If you have GPU access (cloud or local A100-class hardware), VOID gives you production-quality object removal for free. No subscription, no per-minute credits, no watermarks. For studios and freelancers who process high volumes of footage, the economics change when the tool costs compute time instead of SaaS fees. Runway charges $12/month on its Standard plan with annual billing (as of April 2026), with credit-based pricing on top for intensive operations. Commercial alternatives from Pika and Kling AI follow similar models. VOID eliminates the software cost, shifting expense to infrastructure. If you lack GPU access, the 40GB VRAM requirement puts VOID out of reach for casual use. The Colab notebook helps for experimentation, but sustained production work demands dedicated hardware. For occasional object removal, Runway or Descript remain more practical options with lower entry barriers.The Bigger Picture: Streaming Companies Building AI Tools
Netflix joining the open-source AI model space signals a shift. Content companies are transitioning from AI consumers to AI producers.

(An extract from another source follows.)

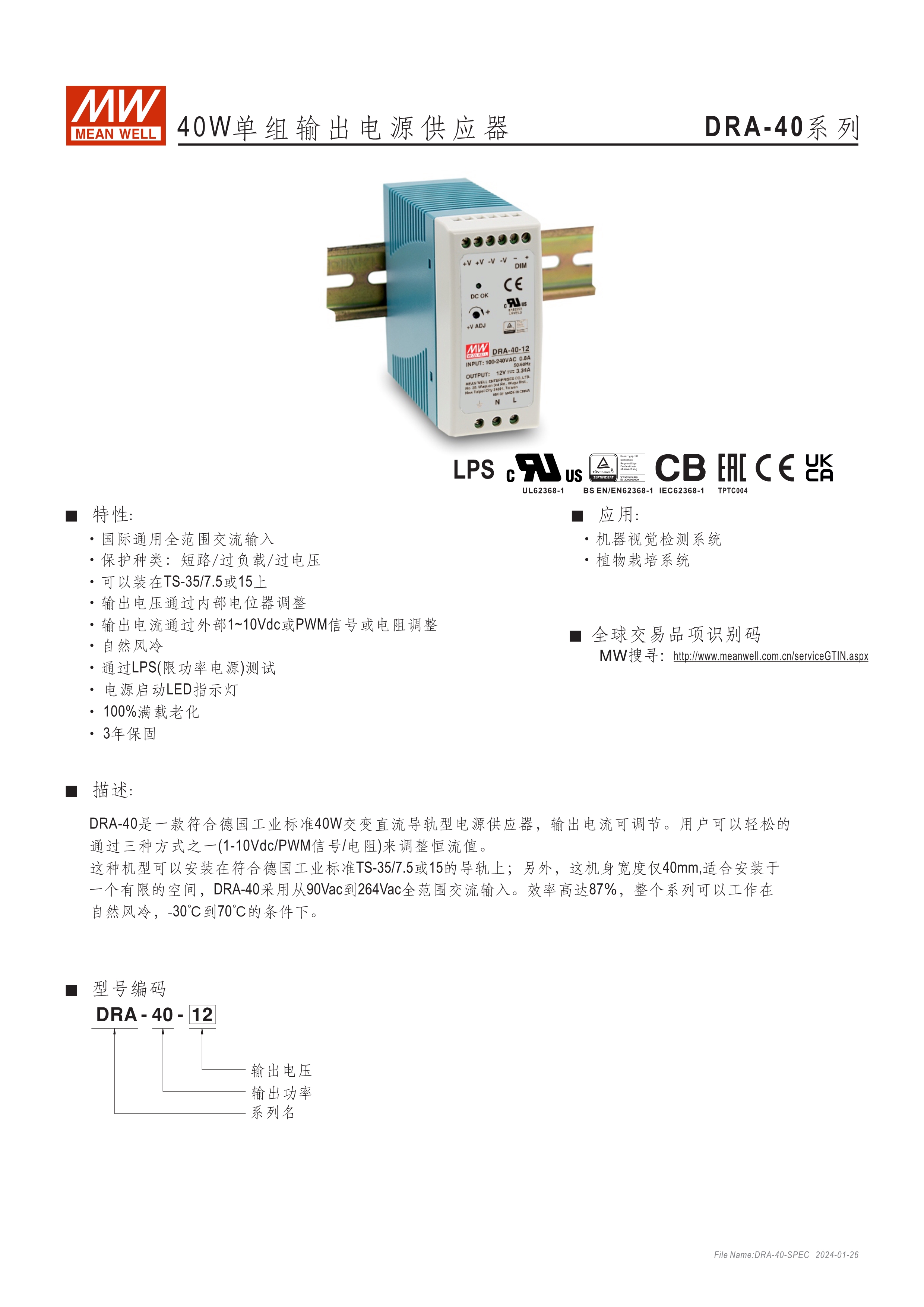 塑料機(jī)殼 單相,全范圍輸入 輸出電流可透過1~10VDC, PWM信號或電阻調(diào)設(shè)于原額定值的 10~100% 適合安裝于DIN Rail TS-35 / 7.5或15 適合于視覺檢測設(shè)備及植物栽培系統(tǒng)

Netflix follows Disney, which invested in production AI through Industrial Light & Magic, and Amazon, which built AI capabilities across Alexa and AWS. But Netflix went further by publishing a research-grade model that competes head-to-head with funded AI startups.
The pattern matters because these companies control the production pipelines where AI video tools get tested at scale. Netflix processes petabytes of video content. If VOID works on their internal footage, the quality bar reflects real production scenarios, not demo reels.
For the open-source AI video community, VOID fills a gap. Sora from OpenAI handles generation, and HeyGen dominates avatar video, but no open model tackled physics-aware object removal until now. Luma Dream Machine covers style transfer on the creative side. VOID owns the removal-and-reconstruction niche with a model anyone can download and deploy.
Should You Try VOID?
Yes, if:- You work in post-production and need object removal on a regular basis
- You have access to A100-class GPUs (cloud or local)
- You want to experiment with interaction-aware inpainting for VFX pipelines
- You build video editing tools and need an open model to integrate
- You need quick, occasional object removal (use Runway or Descript instead)
- Your GPU has less than 24GB VRAM
- You want a polished UI rather than a CLI pipeline
VOID ships as a research model with a CLI interface, Colab notebook, and Python scripts. No drag-and-drop UI exists yet. Someone will build one. Until then, VOID serves technical users and teams with ML infrastructure.
Getting Started
- Clone the GitHub repo
- Download checkpoints from Hugging Face (voidpass1.safetensors required, voidpass2.safetensors optional)
- Install requirements and the base CogVideoX model
- Set up SAM2 and a Gemini API key for mask generation
- Run the included sample videos to verify your setup
- Process your own footage using the mask generation pipeline
The Colab notebook at notebook.ipynb handles steps 1 through 5 in a single click.
The Bottom Line
Netflix shipped a video object removal model that beat Runway in human preference tests by a factor of 3.5x, then gave it away for free. VOID handles the hard problem that other tools avoid: modeling what happens to a scene after you delete something from it.
The 40GB VRAM requirement limits who can run it today. But quantized forks tend to appear within weeks of a major release, and hosted demos often follow within a month. Within months, VOID's physics-aware inpainting could become accessible to any creator with a mid-range GPU.
For now, VOID represents the most capable open-weight video inpainting model available. If you edit video for a living, download it and run the sample notebook this weekend.